The rapid progress in genome sequencing and the development of methodologies for large-scale high-throughput gene expression analysis on microarrays and laser capture microdissection (LCM) has made it feasible to obtain a complete representation of the patterns of gene expression in different cells and tissues with high spatial resolution, providing large amounts of detailed information relevant to specific disease states or other physiological conditions. The overall objective of this IRPG is to carry out these tasks in the context of acute or chronic alcohol exposure, using a well-established animal model. We have created substantial functional genomics and computational capabilities that will enable us to use obtain this information at a scale and throughput that is sufficient to yield very large and coherent quantitative datasets. This proposal will focus on the characterization of gene expression patterns in different cell types in the liver of control and ethanol-treated animals. The underlying hypothesis is that ethanol treatment affects liver function so as to impair its capacity to respond appropriately to stress conditions. We propose that a broad range of cell type-specific gene expression patterns will characterize the response of the normal liver to stress and that these responses are altered in livers of ethanol-fed animals. Analysis of these changes in gene expression patterns with appropriate computational kinetic methods will generate new levels of understanding of the mechanisms underlying the defects caused by ethanol treatment.

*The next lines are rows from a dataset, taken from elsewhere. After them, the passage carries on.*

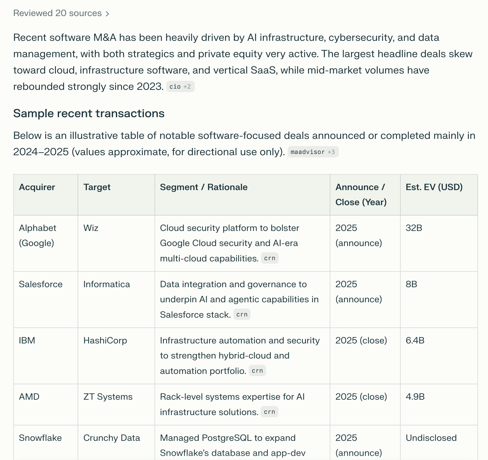 Specify output format: if you need specific data in a specific format, be sure to specify that, “Include: Acquirer, Target, Date, Total Consideration, % Stock vs. Cash, Strategic Rationale” in a tabular format”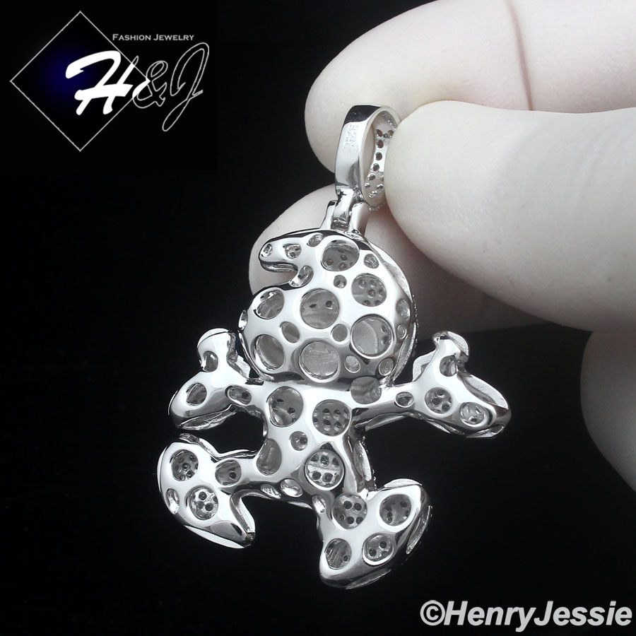 MEN SOLID 925 STERLING SILVER ICY BLING CZ 3D BLUE SMURF CARTOON PENDANT*SP476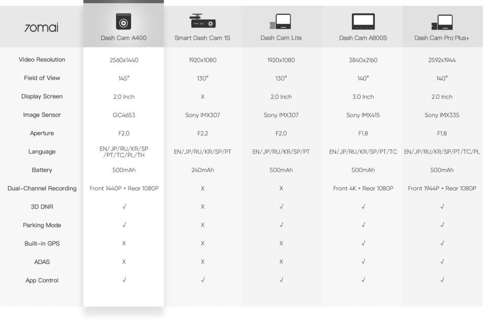 70mai A400 má zabudovaný 3,6-megapixelový snímač so svetelnosťou F/2.0. Tieto vlastnosti zaručujú ostré snímky za všetkých svetelných podmienok. Fotoaparát A400 umožňuje dvojkanálové nahrávanie, čím poskytuje všestranné pokrytie na zvýšenie bezpečnosti (dvojkanálové nahrávanie je povolené pomocou zadného fotoaparátu, ktorý nie je súčasťou dodávky). Kamera A400 zaznamenáva v rozlíšení QHD 2560 × 1440, ktoré poskytuje vynikajúcu čistotu a presnosť farieb. Široký 145° uhol záberu pokrýva minimálne tri jazdné pruhy, čím sa v každej snímke zachytí ešte viac udalostí.Vylepšené nočné videnie
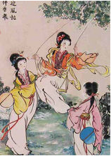 荡秋千是中国古代清明节习俗之一。五代王仁裕《开元天宝遗事》载“天宝宫中至寒食节竟竖秋千,令宫嫔辈戏笑以为宴乐。帝呼为半仙之戏,都中士民因而呼之”,宋代宰相文彦博诗《寒食日过龙门》,诗中描写为 “桥边杨柳垂青线,林立秋千挂彩绳。”秋千,意即揪着皮绳而迁移。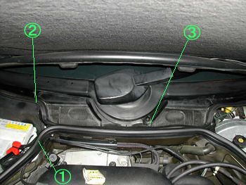Cフロントスクリーン下のラバーめくり3箇所のビスを外す。 Dプラスチックの白いピンがあるので引き抜く。 Eを力ずくで引っ張り外す。 |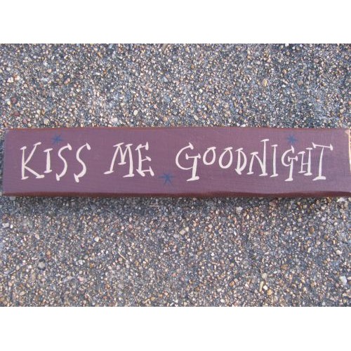 9007KMG- Kiss Me Goodnight wood block,measures 9 inches wide by 1 3/4 inches high and Burgundy with cream letters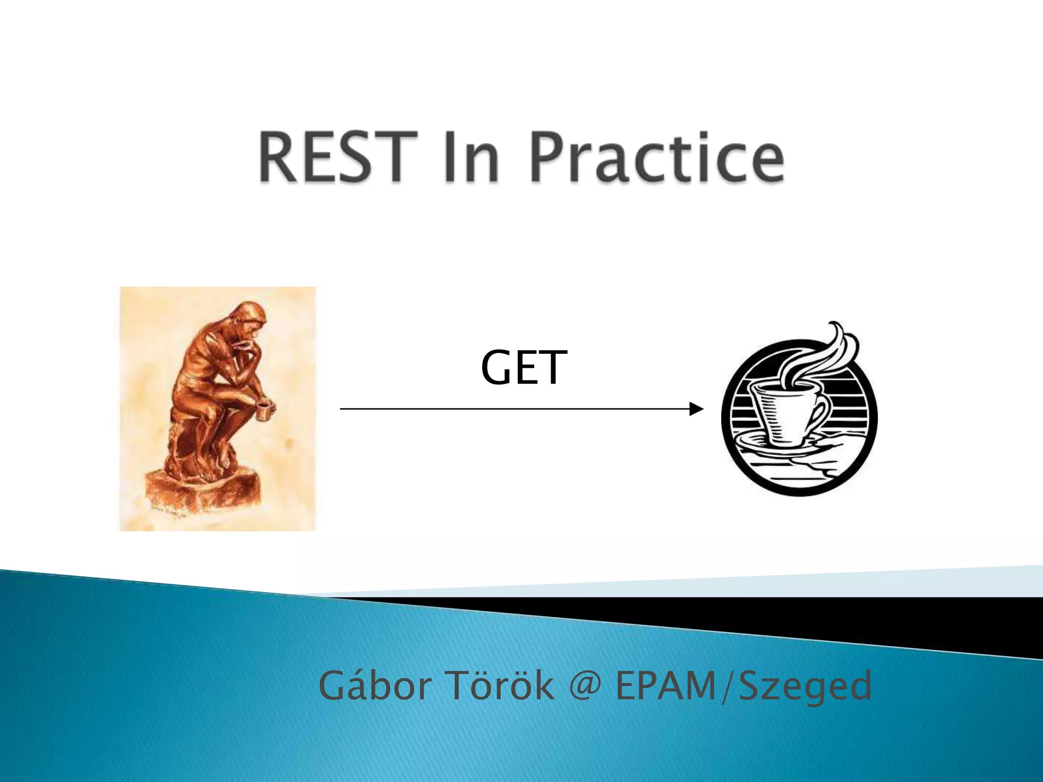 This document provides an overview of REST and best practices for REST API design. It discusses the core principles of REST, Richardson Maturity Model for REST API design, and examples demonstrating the different levels. It also covers Java support for REST APIs using JAX-RS and Spring frameworks. The document recommends practices like using plural nouns for resources and HTTP status codes for errors. It provides contact information for the author, Gábor Török, an experienced Solutions Architect.

In Aim 1, we will isolate parenchymal cells, Kupffer cells, stellate cells and endothelial cells from the livers of ethanol-treated and control rats and analyze the gene expression patterns using microarrays generated in our shared resource or obtained commercially to characterize cell type-specific differences in gene expression, generating """"""""signatures"""""""" of gene expression patterns in different liver cell types and illustrate how these profiles are affected by ethanol intake.
In Aim 2, we will analyze extracts of different liver cell types obtained by LCM from pericentral and periportal zones of the liver acinus.
In Aim 3 animals will be exposed to acute stress, by acute endotoxin treatment or by ischemia-reperfusion treatment. We expect that the defective capacity of ethanol-fed animals to respond to these stress treatments will be reflected in changes in characteristic gene expression profiles for different liver cell types in different acinar zones. The concerted efforts of the different projects in the IRPG will prepare the ground for a fundamentally deeper evaluation of the actions of ethanol than can be pursued in a single project and a large array of new mechanistic hypothesis can be expected to result from these studies.